Why Loving Young People is like City Living

_MG_3122.CR2Greetings from Brooklyn, New York, the most populous borough in New York City. Birthplace of Jay-Z and the integration of Major League Baseball. And site of the largest battle of the Revolutionary War. If Brooklyn were its own city, it would be the fourth largest in America.

My name is Jeremy Del Rio and I’m an addict — if you can call young people an addiction.  Or if you can call city life addicting.  Either way, I’m hooked.

I’ve lived more of my life in Brooklyn than anywhere else, with pit stops in Manhattan (the glitzy borough), Staten Island (the forgotten borough), and the greatest of NYC suburbs, New Jersey (sometimes called the Sixth Borough).  My wife has lived nowhere else.  Nor have our sons, both of whom were born here.

Our boys will soon discover the ABC’s of City Living.  Multifaceted and textured, Brooklyn is:

  • Altruistic, artistic, and adventurous.
  • Boisterous and beautiful.
  • Cosmopolitan, creative, curious, conflicted, communal, and even cliquish.
  • Diverse and occasionally dangerous.
  • Energetic.
  • Fun.
  • Grandiose.
  • Hyper.
  • Inspired and invigorating.
  • Jubilant and joyful.
  • Kind.
  • Loud.
  • Maturing and sometimes mean.
  • Neighborly or nasty.
  • “Over it.”
  • Passionate.
  • Quite charming.
  • Restless, rowdy, and relevant.
  • Smart, sophisticated, and sometimes sullen.
  • Typecast.
  • Unbuttoned.
  • Vulnerable.
  • Wide-eyed and occasionally wild.
  • Xenos friendly but sometimes xenophobic.
  • Yours to love (or not).
  • Zestful.

So, too, are young people.

You may quibble with my list, and its applicability to youth ministry, but that’s part of the allure of cities.  It’s OK if you disagree.  We can still get along. We can still build community despite our differences.

Like many urban neighborhoods, mine is in perpetual flux, transformed for generations by successive waves of immigrants.  For the last decade or so,Bay Ridge has has evolved into one of the largest Arab communities in New York, with Halal meat markets and Hookah shops now lining the streets.  Sometimes the newer arrivals make the long-timers uncomfortable. And vice versa.
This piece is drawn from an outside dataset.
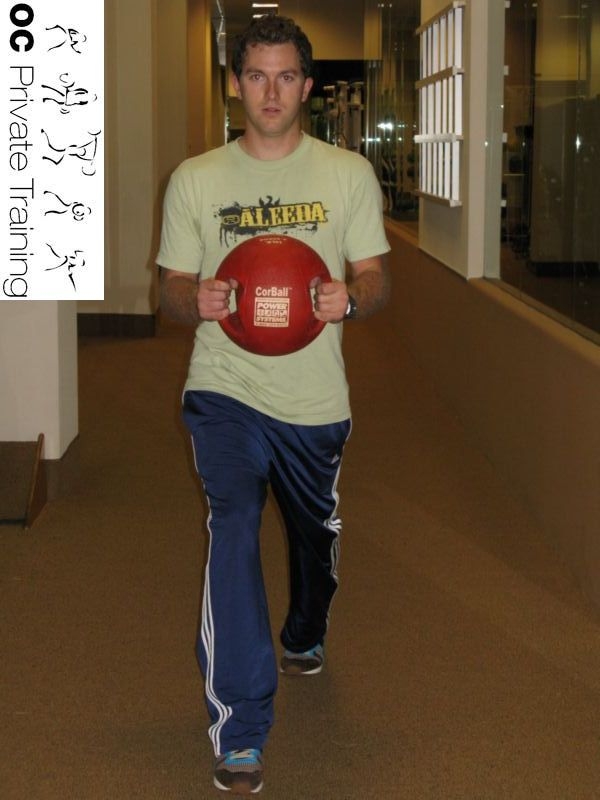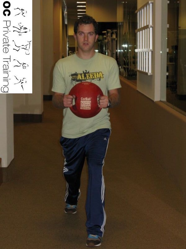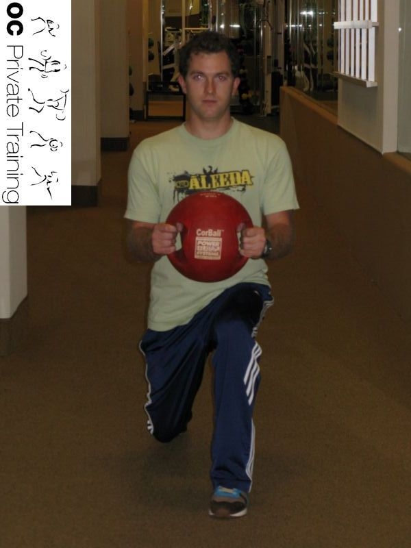 While maintaining optimal spinal alignment, step forward and descend slowly by bending at the hips, knees and ankles.

So, too, our youth ministries.

Youth ministry is an inherently transitory time.  No matter how we define the youth in our ministries, they are bounded by age, grade, or some other time constraint that insures that they will move on, leaving empty spaces or replenished pews.  How we build community with them while we can determines, in part, whether they leave behind a vacuum or a legacy.
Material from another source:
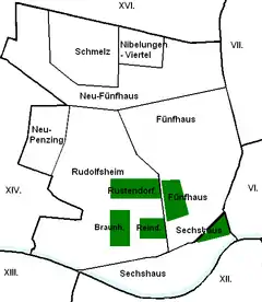 It borders Neubau and Mariahilf in the east, Meidling and Hietzing in the south, Penzing in the west, and Ottakring in the north. The northern border runs along the Gablenzgasse and eastern border along the Gürtel beltway (Neubaugürtel, Mariahilfer Gürtel and Sechshauser Gürtel). It includes the areas of Rudolfsheim (divided into Braunhirschen, Reindorf and Rustendorf), Fünfhaus and Sechshaus.[2][3]

Do we attempt to conform them to our standards of decorum and decency, or do we empower them to flourish in the uniqueness endowed to them by their Creator?  Does our community celebrate their differences by loving them sincerely, without an agenda?

Teen life is an inherently tumultuous time.  Bodies change and hormones start raging, even as teens begin to confront life’s big questions — the very same questions many adults haven’t answered yet, like: “Who am I?” “Why am I here?” “Where do I belong?”  But the uncertainty, curiosity, and ambiguity bring with them opportunity for exploration, adventure, and discovery.  Do we embrace the unknowns that faith requires, or chase after the safety of what’s familiar?

When the transience and change feel overwhelming, I take comfort that Jesus gives youth workers an extra year with high schools students than he had with his disciples.  Even more comforting: his prize student, Peter, still needed anger management after three years by his side.  And his rag tag collection of unlikely followers — which included a political terrorist (the Zealot), a crooked bureaucrat (the tax collector), and a prostitute among other “ignorant and unlearned” devotees notable only for their least likely to succeed credentials — had to be at least as conflicted and petty as my youth group.

They were certainly (almost) as diverse as my neighborhood.